Ultra-Orthodox students at a psychometric prepartory program in Israel (illustrative).
Emil Salman

Senior faculty heads at most Israeli universities sent a letter to Education Minister Naftali Bennett on Sunday protesting the expansion of gender-segregated academic programs for ultra-Orthodox students.

Last week, the Council for Higher Education in Israel approved opening such classes at Israel’s universities to encourage enrollment of Haredi students as part of a new five-year program.

The letter to Bennett was an unusual step for faculty members, because such groups rarely involve themselves in issues not directly related to their employment conditions and responsibilities.

The letter was sent by faculty groups at the Hebrew University of Jerusalem, Tel Aviv University, Ben-Gurion University of the Negev, Be’er Sheva, the University of Haifa and the Technion – Israel Institute of Technology, Haifa.

Such classes currently exist only at colleges, university preparatory programs and a special campus at Bar-Ilan University, Ramat Gan.

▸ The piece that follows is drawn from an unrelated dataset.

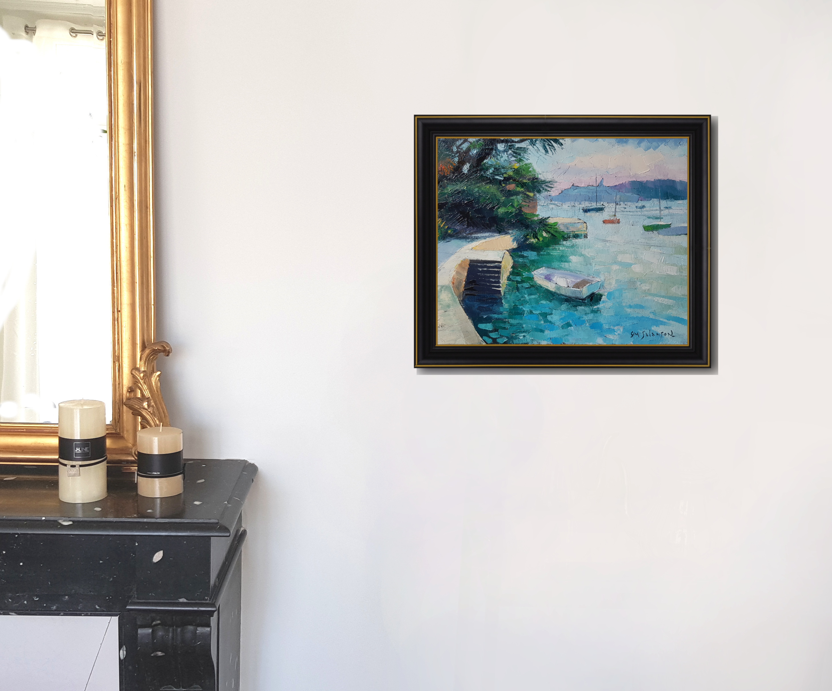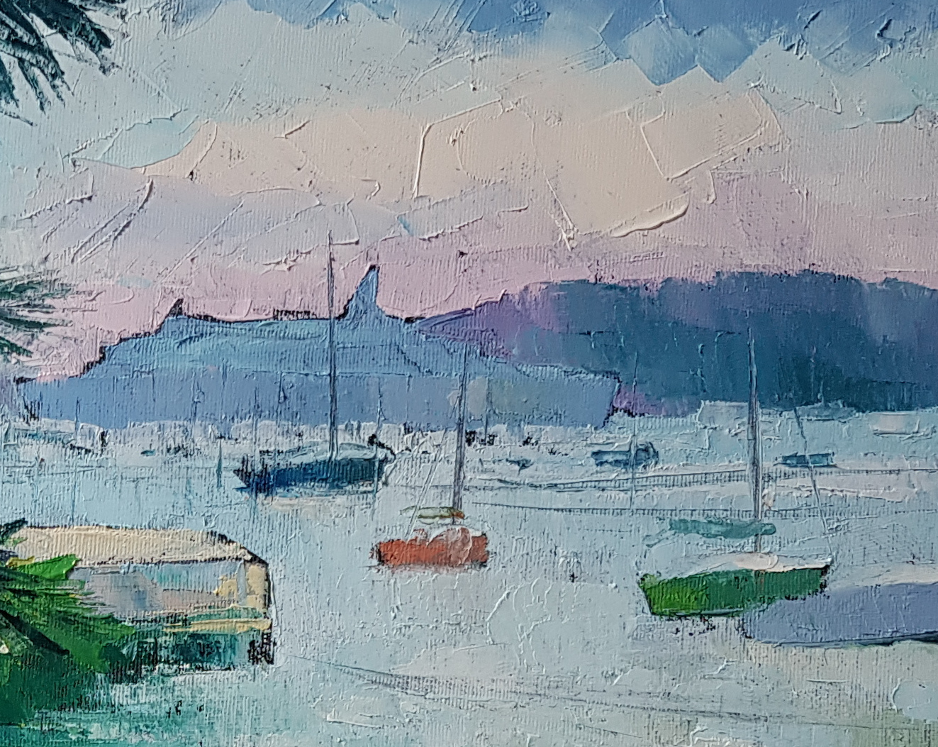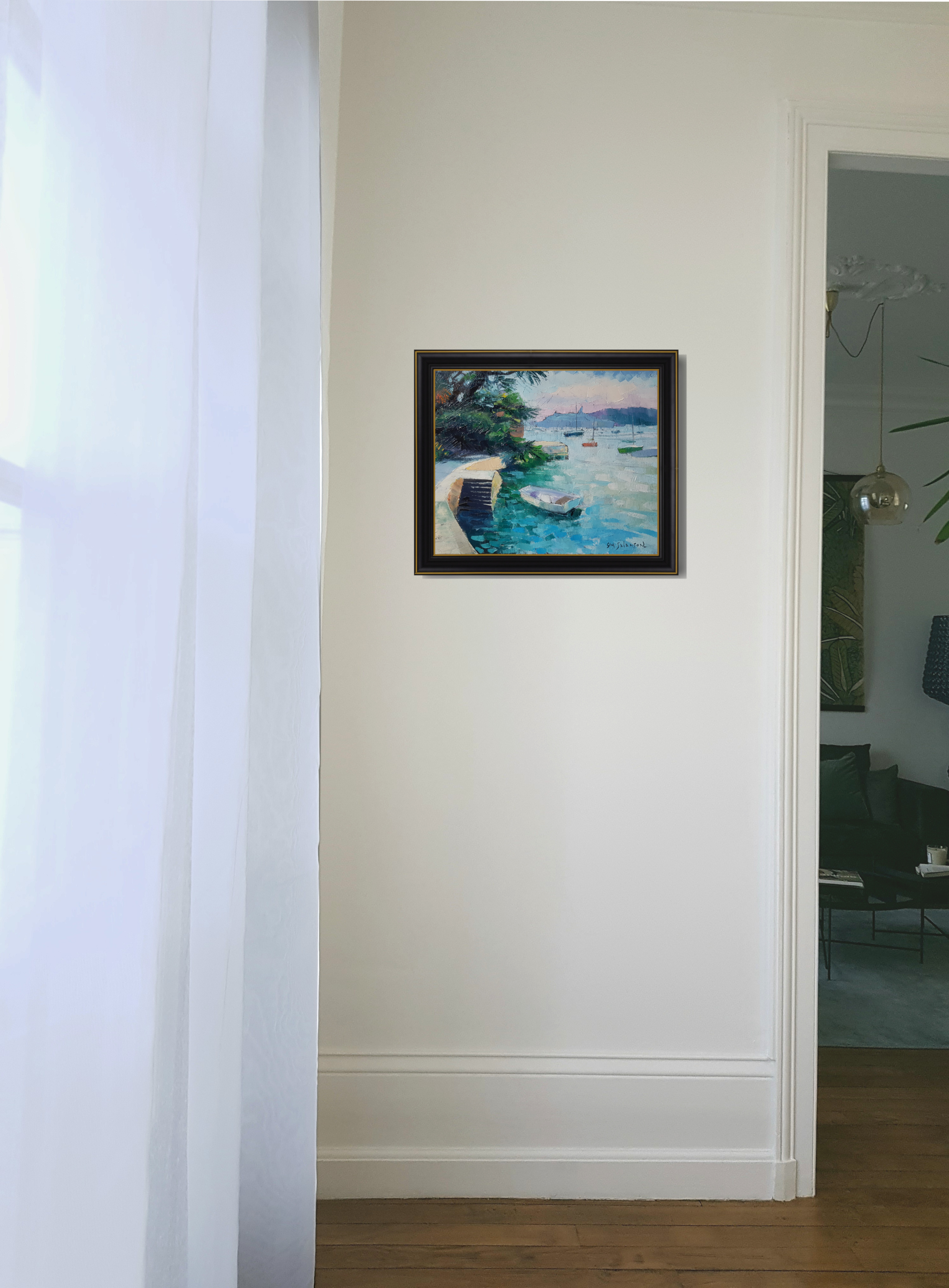 Huile au couteau sur toile tendue sur châssis. Au détour de la promenade du clair du lune, en direction du prieuré depuis le port de Dinard, se trouve l’anse Morgane. Un petit coin de paradis, arboré de superbes palmiers et offrant une magnifique vue sur le Prieuré et Saint-Malo. Le format de cette peinture est 38 cm haut et 46 cm de large.

The faculty groups object mainly to the discrimination against female faculty members, who will not be allowed to teach male students in the programs, while male lecturers will be allowed to teach female students.

“The attempt to prevent female faculty members from teaching men will harm the freedom of occupation of all academic faculty,” the letter stated.

The faculty groups are also protesting the plan to hold a pilot program of gender-separated classes on the regular university campuses. So far, such classes have been held only on special campuses outside of the universities.

They also object to accepting religious students who are not Haredim onto these programs.

The new program is intended to increase the number of ultra-Orthodox students from 11,000 to 19,000 by 2022. The education council plans on spending 1.5 billion shekels ($420 million) on the program.

Yet critics say the new program seems to ignore a number of major failings of the previous five-year program to increase Haredi numbers in higher education, including a very high dropout rate – about half of all male students. In addition, complaints have been made about a lower level of studies compared to regular academic programs.